Les ministre, qui avaient présenté le projet avaient menti au président de la République. Le coût du projet a été avancé alors que l’étude n’avait pas eu lieu. Le bureau d’études sud-coréen (Yuil engineering Co Ltd) engagé pour ce mégaprojet qui avait sous-traité avec des bureaux d’études algériens, a été évincé par un bureau d’études chinois, car les responsables chinois étaient venus à Alger, 17 jours après la réunion du Conseil des ministres, pour officialiser l’accaparement de ce mégaprojet. L’Algérie a rapidement confié la construction du port, mais a cédé surtout la gestion de cette immense infrastructure portuaire aux Chinois pour une durée de 35 années. Les opérateurs chinois China State Construction Corporation (CSCEC) et China Harbour Engineering Company (CHEC) s’occupent de ce projet, grâce à la complicité algérienne qui demeure incrustée dans les rouages de l’administration centrale.

Inutile de s’attarder sur les caractéristiques techniques prévues pour ce «futur second» port commercial de l’Afrique. Moult paramètres n’avaient pas été pris en considération dans l’étude présentée aux hautes autorités du pays. Plusieurs mois après la décision politique, les mensonges sont à présent mis à nu. Le scénario de l’arnaque se confirme de plus en plus avec le temps, d’autant plus que la crise financière s’est installée dans notre pays. «Le coût du projet du port commercial centre El Hamdania annoncé dans la fiche technique ne tient pas compte de beaucoup de paramètres, le montant sera supérieur à celui que les hautes autorités du pays avaient déclaré», nous confirme un haut cadre du secteur. Les délais de sa réalisation ne seront pas respectés.

«En ce moment de crise économique, il n’y pas la fumée blanche pour le grand port commercial centre», nous lance un directeur au fait du projet. Les arguments avancés par Abdelmalek Sellal et ses ministres concernés par ce mégaprojet n’étaient que de la poudre aux yeux. L’ancien Premier ministre est arrivé à convaincre «nos amis chinois» à s’engager dans ce mégaprojet. Les Chinois sont à présent assurés du volet juridique. La décision de réalisation de ce projet est politique.

Les Chinois sont gagnants dans l’affaire du mégaprojet. Pourtant, le respect des différents schémas nationaux d’orientation et de planification qui s’inscrivent d’une manière cohérente avec le Schéma directeur de l’aménagement du territoire (SNAT), le Schéma directeur de l’aménagement du littoral SDAL), le SDAM Schéma directeur de l’aire métropolitaine (SDAM) n’a pa été respecté et les concepteurs du projet n’en ont pas tenu compte. La gestion prudente des ressources financières et celle des environnements naturels et les monuments historique, des paramètres qui n’ont pas été pris en considération par «les intermédiaires officiels», avant qu’ils ne présentent au chef de l’Etat le dossier d’un mégaprojet aussi stratégique pour l’avenir de notre pays. Le nouveau ministre des Travaux publics et des Transports devra se pencher sérieusement pour débusquer ceux qui étaient à l’origine de l’arnaque de ce mégaprojet. Certes, la décision politique avait été prise. Ni le montant du projet ni le délai de réalisation ne seront respectés. Juridiquement, les Chinois disposent de documents officiels pour accaparer le site.
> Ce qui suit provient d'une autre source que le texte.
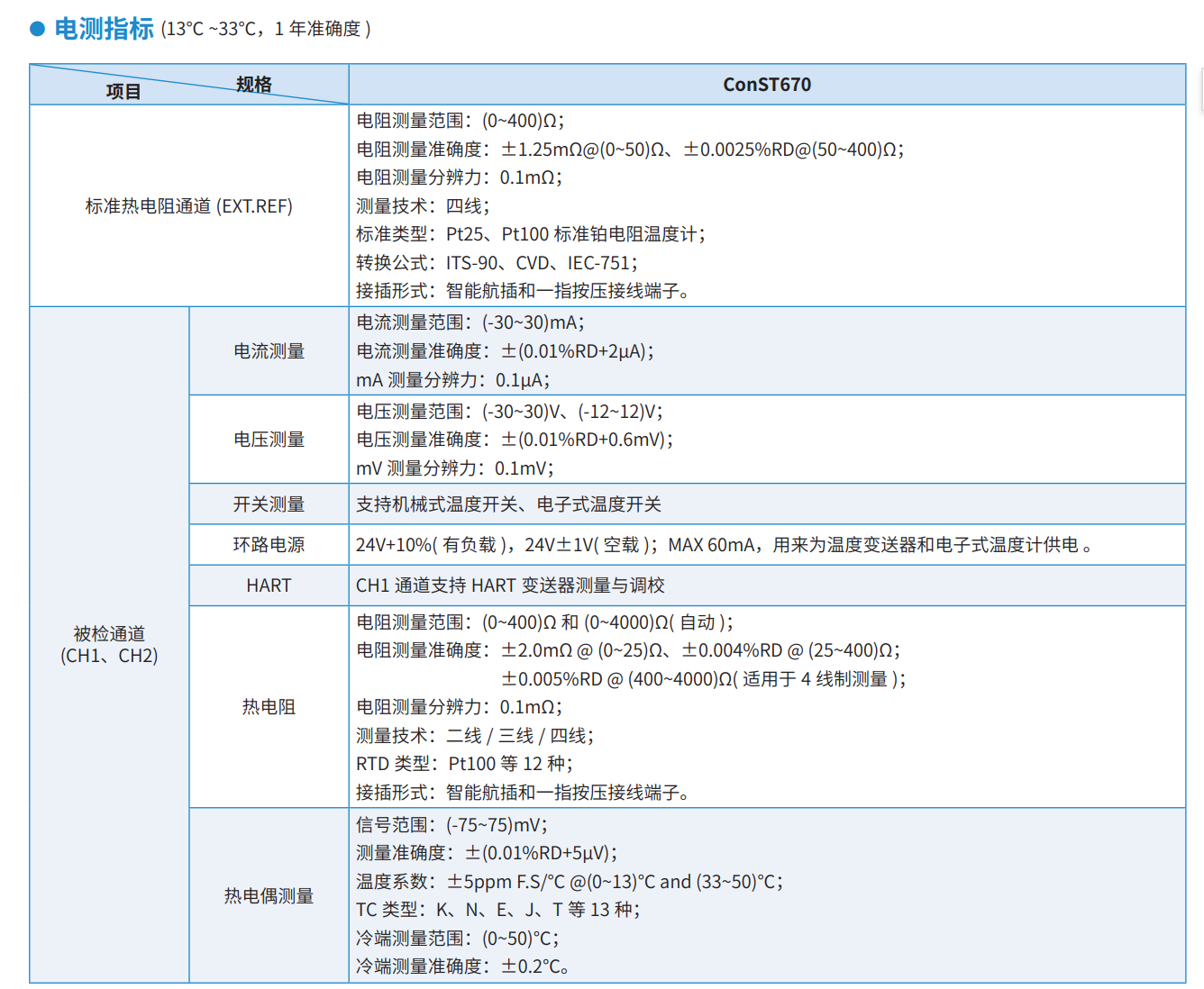 智能校准 , 升降温速度更快;■. (13 ~ 33)℃环境温度下,保证指标;■.三通道电测:一路标准 RTD 通道、两路被检通道;■.创新的一指按压接线技术,无需工具可快速完成被检接线

Le mégaprojet de ce port sera une véritable rampe de lancement pour l’économie algérienne. Mais au prix où vont les choses, les Chinois en position de force ne vont pas lâcher leur proie aussi. Beaucoup de richesses de divers secteurs (culture, pêche, forêt, agriculture, environnement, tourisme, habitat, travaux publics) vont disparaître. Les responsables locaux des secteurs concernés par la «catastrophe» n’avaient pas été consultés avant la décision politique. Les réserves existent, mais Sellal et ses ministres avaient imposé le silence aux cadres locaux. Le président Bouteflika avait signé. Il n’est plus question de faire marche arrière. «Il faut tout revoir dans l’intérêt de notre pays», rappelle cet expert. La construction de ce projet demeure vitale pour le pays, mais pas au prix proposé Sellal et ses ministre, c’est une arnaque qui ne dit pas son nom.